Statistical outliers are data points that are far removed and numerically distant from the rest of the points. Outliers occur frequently in many statistical analyses and it is important to understand them and their occurrence in the right context of the study to be able to deal with them.
An outlier can be a chance phenomenon, measurement error or due to an experimental error. It can also occur in special cases that have a heavy tail distribution, in which cases the assumption of a normal distribution may not hold.
Certain statistical estimators are able to deal with statistical outliers and are robust, while others cannot deal with them. A typical example is the case of a median, that can deal with outliers well, since it would not matter whether the extreme point is far away or near the other data points, as long as the central value is unchanged.
The mean, on the other hand, is affected by outliers as it increases or decreases in value depending on the position of the outlier.

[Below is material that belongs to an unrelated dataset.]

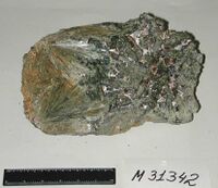 Коллекция Месторождения, №31342. Друза уплощенных пинакоидальных призматических расщепленных в плоскости [010] зеленых кристаллов до 5х12 см. В промежутках между кристаллами и субиндивидами белый тонковолокнистый геденбергит, кроме того, реже, кальцит и ильваит, а поверхности друзы отдельные сферокристаллы геденбергита до 1.6 см с бархатистой поверхностью за счет обрастания тонковолокнистым геденбергитом. 27х17х17 см. Длина экспоната 27 см.

One should be careful while dealing with outliers and not mistake them for experimental errors or exceptions at all times. outliers can indicate a different property and may indicate that they belong to a different population.
Many times, outliers should be given special attention till their cause is known, which is not always random or chance. Therefore a study needs to be made before an outlier is discarded.
Statistical outliers are common in distributions that do not follow the traditional normal distribution. For example, in a distribution with a long tail, the presence of statistical outliers is more common than in the case of a normal distribution.
In case of a normal distribution, it is easy to see that at random, about 1 in 370 observations will deviate by more than three times the standard deviation from the mean. This ratio decreases drastically for more distant values. Therefore if there is a more than frequent case of data away from the mean, then the cause needs to be examined.
For example, if out of 1000 data points, 5 points are at a distance of four times the standard deviation or more, then these outliers need to be examined.